▶ _Extracted information_:

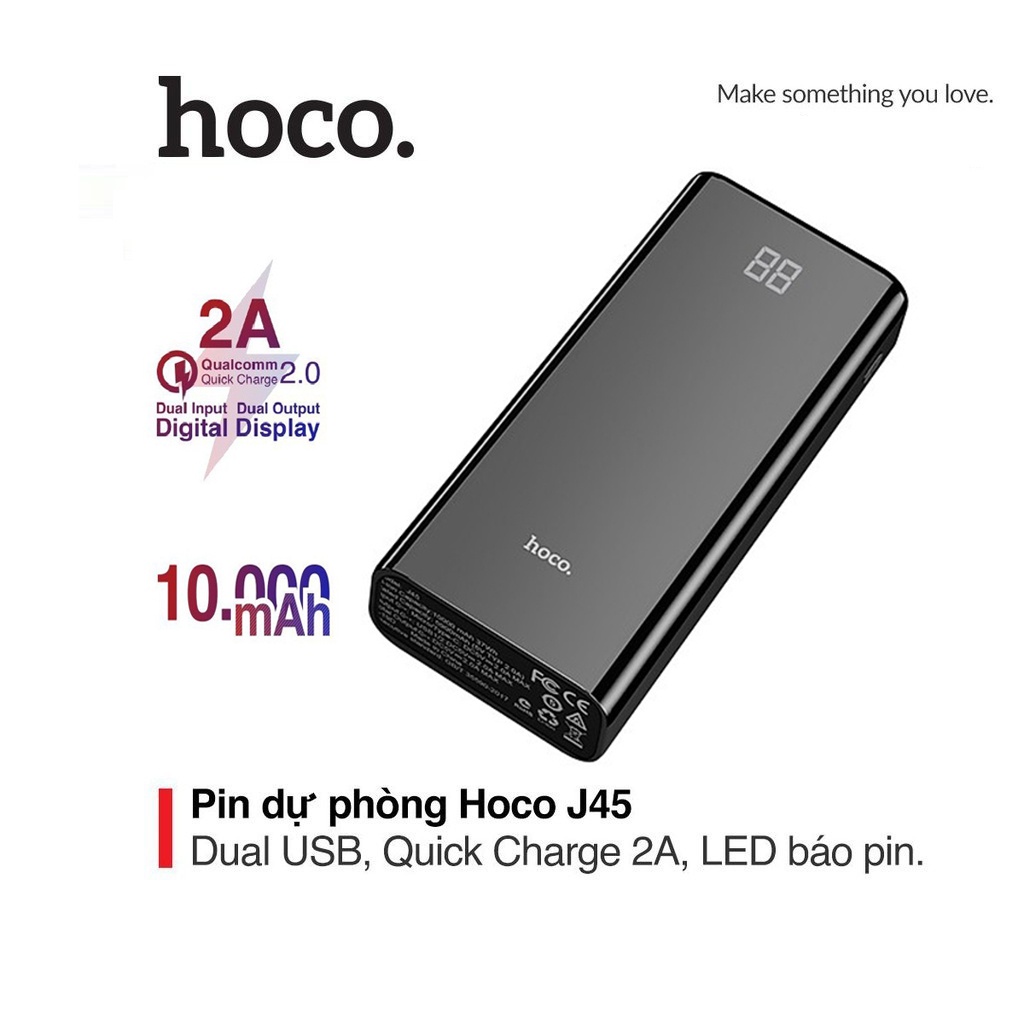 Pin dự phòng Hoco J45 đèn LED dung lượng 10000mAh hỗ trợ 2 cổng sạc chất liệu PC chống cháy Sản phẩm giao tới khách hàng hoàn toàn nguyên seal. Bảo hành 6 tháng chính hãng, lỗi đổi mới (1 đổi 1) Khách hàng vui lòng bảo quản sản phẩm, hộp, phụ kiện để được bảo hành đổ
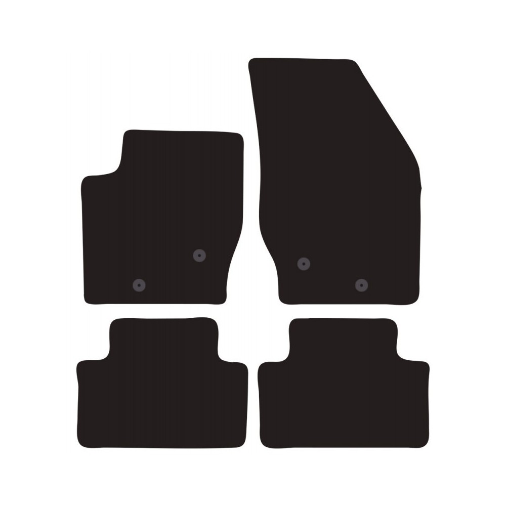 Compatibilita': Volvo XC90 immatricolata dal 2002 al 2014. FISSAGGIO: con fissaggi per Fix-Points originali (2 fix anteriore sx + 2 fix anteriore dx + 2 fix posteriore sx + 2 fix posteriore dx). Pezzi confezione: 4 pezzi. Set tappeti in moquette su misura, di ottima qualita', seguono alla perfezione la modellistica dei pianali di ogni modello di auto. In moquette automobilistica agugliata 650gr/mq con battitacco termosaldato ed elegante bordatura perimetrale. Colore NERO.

---

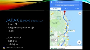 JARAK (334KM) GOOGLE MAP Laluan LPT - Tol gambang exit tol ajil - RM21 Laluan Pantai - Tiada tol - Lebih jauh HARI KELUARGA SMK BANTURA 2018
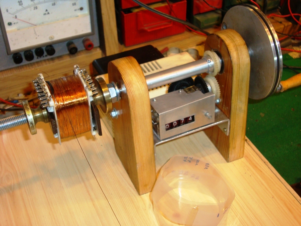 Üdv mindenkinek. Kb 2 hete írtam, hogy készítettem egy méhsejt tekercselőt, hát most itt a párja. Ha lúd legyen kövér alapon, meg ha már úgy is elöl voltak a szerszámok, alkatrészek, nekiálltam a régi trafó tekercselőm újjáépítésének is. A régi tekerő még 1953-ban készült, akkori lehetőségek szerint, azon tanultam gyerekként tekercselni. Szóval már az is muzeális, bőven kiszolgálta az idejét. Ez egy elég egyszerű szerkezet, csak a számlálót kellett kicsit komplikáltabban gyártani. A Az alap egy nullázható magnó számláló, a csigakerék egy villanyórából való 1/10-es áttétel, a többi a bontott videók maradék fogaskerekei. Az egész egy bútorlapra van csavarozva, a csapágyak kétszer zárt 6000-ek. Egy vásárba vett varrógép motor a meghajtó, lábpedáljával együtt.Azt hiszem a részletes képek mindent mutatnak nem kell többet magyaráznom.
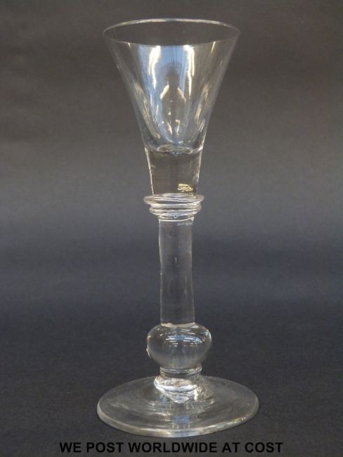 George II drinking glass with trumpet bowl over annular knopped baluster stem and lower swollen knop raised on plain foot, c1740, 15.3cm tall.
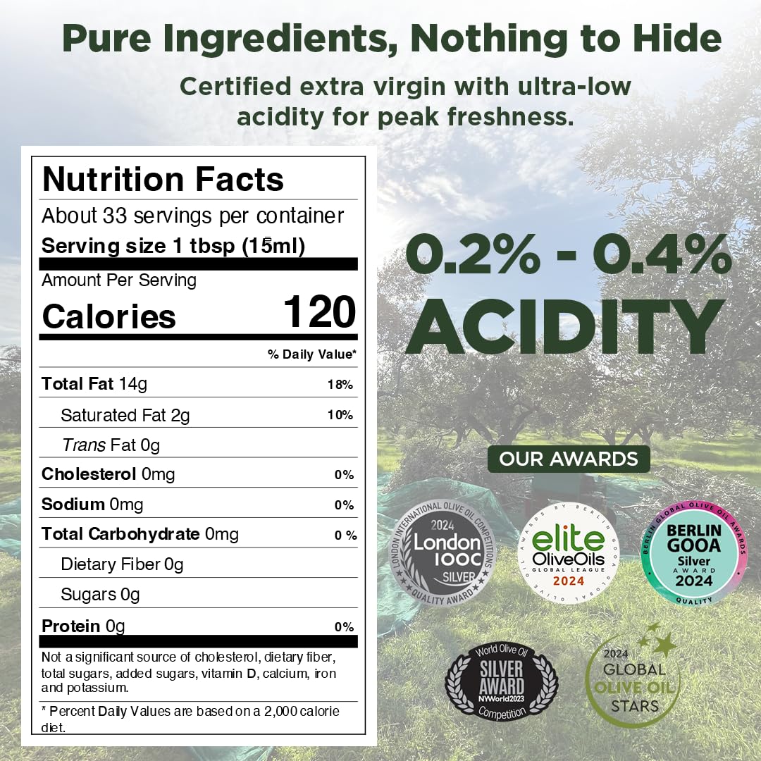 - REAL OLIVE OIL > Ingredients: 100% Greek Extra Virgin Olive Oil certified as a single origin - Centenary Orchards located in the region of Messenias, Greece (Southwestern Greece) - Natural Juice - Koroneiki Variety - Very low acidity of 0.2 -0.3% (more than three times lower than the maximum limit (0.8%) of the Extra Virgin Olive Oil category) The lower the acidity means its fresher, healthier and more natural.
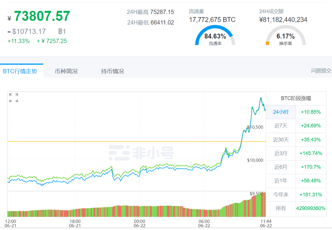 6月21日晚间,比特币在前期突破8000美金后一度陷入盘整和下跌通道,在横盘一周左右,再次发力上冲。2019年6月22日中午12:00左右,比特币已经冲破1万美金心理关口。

▶ _Your goal_:
From the material above, reproduce only what runs from the line holding "Pin dự phòng" down to the line holding "Compatibilita': Volvo XC90", both included, pictures excluded.

▶ _Answer to this task_:
 Pin dự phòng Hoco J45 đèn LED dung lượng 10000mAh hỗ trợ 2 cổng sạc chất liệu PC chống cháy Sản phẩm giao tới khách hàng hoàn toàn nguyên seal. Bảo hành 6 tháng chính hãng, lỗi đổi mới (1 đổi 1) Khách hàng vui lòng bảo quản sản phẩm, hộp, phụ kiện để được bảo hành đổ
 Compatibilita': Volvo XC90 immatricolata dal 2002 al 2014. FISSAGGIO: con fissaggi per Fix-Points originali (2 fix anteriore sx + 2 fix anteriore dx + 2 fix posteriore sx + 2 fix posteriore dx). Pezzi confezione: 4 pezzi. Set tappeti in moquette su misura, di ottima qualita', seguono alla perfezione la modellistica dei pianali di ogni modello di auto. In moquette automobilistica agugliata 650gr/mq con battitacco termosaldato ed elegante bordatura perimetrale. Colore NERO.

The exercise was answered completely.